Reflections on Yvonne Daley’s Workshop “Using Research in Creative Writing”

by Kerstin Lange

Yvonne Daley, journalism professor and author

Yvonne Daley, journalism professor and author

I don’t know what I love more—research or writing (and when I say “love,” I mean the whole spectrum of joy, inspiration, hard work, and pain). It doesn’t matter, of course. What I love about both endeavors is that there is both an art and a craft to them, or, you could say, an inspiration element and a nuts-and-bolts element.

Almost invariably when I open a book, I feel compelled to look at the acknowledgements page. Seeing all the names and specialties of the people the author has been in touch with conjures up an image of synapses connecting not just within one brain but across many—sort of an ecosystem of interconnected minds. Perhaps this is my favorite thing about the BWW, too: That it offers a balance between the solitary and the social aspects of writing and helps us connect with other writers.

So it took me about five seconds to sign up for Yvonne Daley’s workshop on “Using Research in Creative Writing” when it was posted.

An intimate workshop that covered a lot of ground

We were a delightfully small group of seven participants, which allowed for an engaging mix of conversation and presentation. I still don’t know how we covered as much ground as we did. Yvonne’s preparation of examples and lists of advice no doubt had much to do with that—as did her wealth of experience, as a journalist for the Rutland Herald, Boston Globe, and People magazine; a Knight Journalism Fellow; a journalism professor at San Francisco State University; the author of four books, and the director of the Green Mountain Writers Conference (for more than this very brief summary, see her website and this recent story in Vermont Woman).

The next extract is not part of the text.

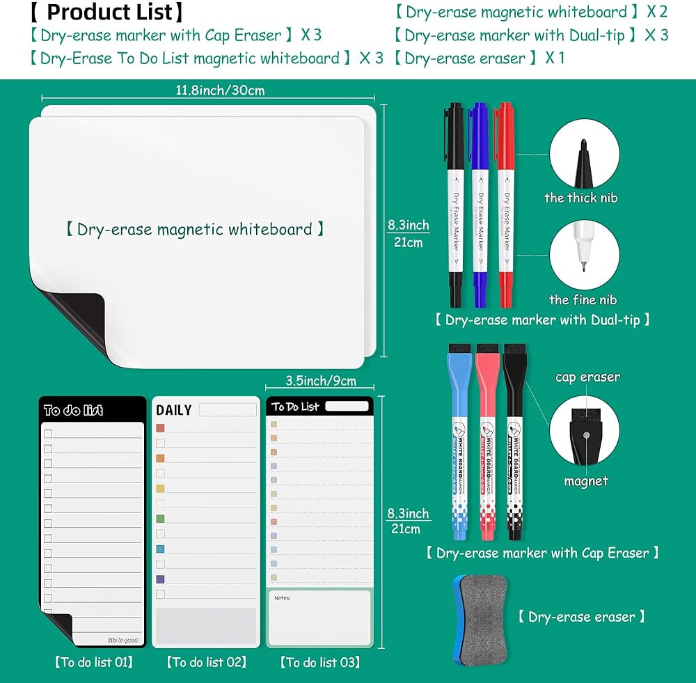 • 【Complete Accessory Set】Includes 6 dry erase markers, an eraser, and 3 magnetic to-do lists to help you stay organized and productive.

Perhaps this is my favorite thing about the BWW, too:  That it offers a balance between the solitary and the social aspects of writing and helps us connect with other writers.

What made her work immediately credible and meaningful for me, however, was what she shared about her process and philosophy. For example, when she pointed to the importance of “the research we don’t call research: observation,” and when she talked about restorative journalism—“journalism that talks not just about the problem, but the solution.”

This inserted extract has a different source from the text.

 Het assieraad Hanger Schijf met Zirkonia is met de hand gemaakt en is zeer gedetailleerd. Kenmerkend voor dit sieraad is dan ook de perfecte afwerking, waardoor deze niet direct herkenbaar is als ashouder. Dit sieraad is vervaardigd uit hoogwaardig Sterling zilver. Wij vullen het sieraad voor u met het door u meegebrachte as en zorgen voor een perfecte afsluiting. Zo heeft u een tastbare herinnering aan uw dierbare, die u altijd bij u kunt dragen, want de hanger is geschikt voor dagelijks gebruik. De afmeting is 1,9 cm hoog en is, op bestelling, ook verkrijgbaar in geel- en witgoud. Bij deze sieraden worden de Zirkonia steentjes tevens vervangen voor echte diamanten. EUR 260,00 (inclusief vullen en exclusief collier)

“Solution,” as I understood her, not in the sense of easy answers but as an intentional choice to find stories of people who see even catastrophic events not as the end of the road, but The Bend in the Road (the title of one of Yvonne’s books). Another example is her book A Mighty Storm about the stories of people affected by Tropical Storm Irene (you can hear Peter interview Yvonne about it here!).

Tips for bringing reality to life on the page

Among the “nuts and bolts” advice Yvonne shared:

  • Pay attention to the scene. Scenes are the building block of any writing, fiction or nonfiction, employing the elements of description, environment, character/s, dialogue, action, and point of view. Yvonne used excerpts from Donna Tartt’s book Goldfinch to show a masterful application of these elements (If you have the book, read pages 61-93, identify the various scenes, and contemplate them with the above list in mind).
  • Look at the verbs. If you’re tempted to use an adverb, use a thesaurus  instead to see if you can find stronger or more accurate verbs.

And for a big-picture perspective:

  • Every book should ask a question. Ask yourself what is the one thing you want to answer and structure your book around this point.
  • Find the right person to tell the story, or at least to begin the story. Any story is made stronger, and more intimate, when told through the eyes of a compelling character.
  • Have confidence in your ability to tell the story. Don’t get too bogged down in other people’s research. You have a unique point of view and it’s your version of the story you want to tell.

Tips for organizing your research

Another very useful topic in the workshop was the challenge of the mess of research—how to keep track of notes, interviews, ideas?

Regarding the latter, Yvonne recommends defining a process like the one she successfully employs:

  1. Keep your interview notes organized as you go. Yvonne uses reporters’ notebooks and folds the pages from each interviewee up and over, writing the interviewee’s name on the outside of the folded pages. For direct quotes, she uses a different color pen.
  2. Write down the 5 points you want to cover in your story.
  3. Copy your notes and put them in piles matching these 5 points. Then arrange and re-arrange them until you feel the story come alive.
  4. Write your story straight through first. Then go back to your notes to double check the quotes and facts and gather new research as needed.

For still more advice and inspiration, I recommend Yvonne’s book “Vermont Writers: As State of Mind,” which may well be on most BWW members’ bookshelves already.  In it, Yvonne portrays the paths and work of writers including Howard Frank Mosher, Grace Paley, Chris Bohjalian, and Julia Alvarez, grouped into sections headed “Finding One’s Material,” “Finding Community and Nature,” and “Finding Sanctuary”.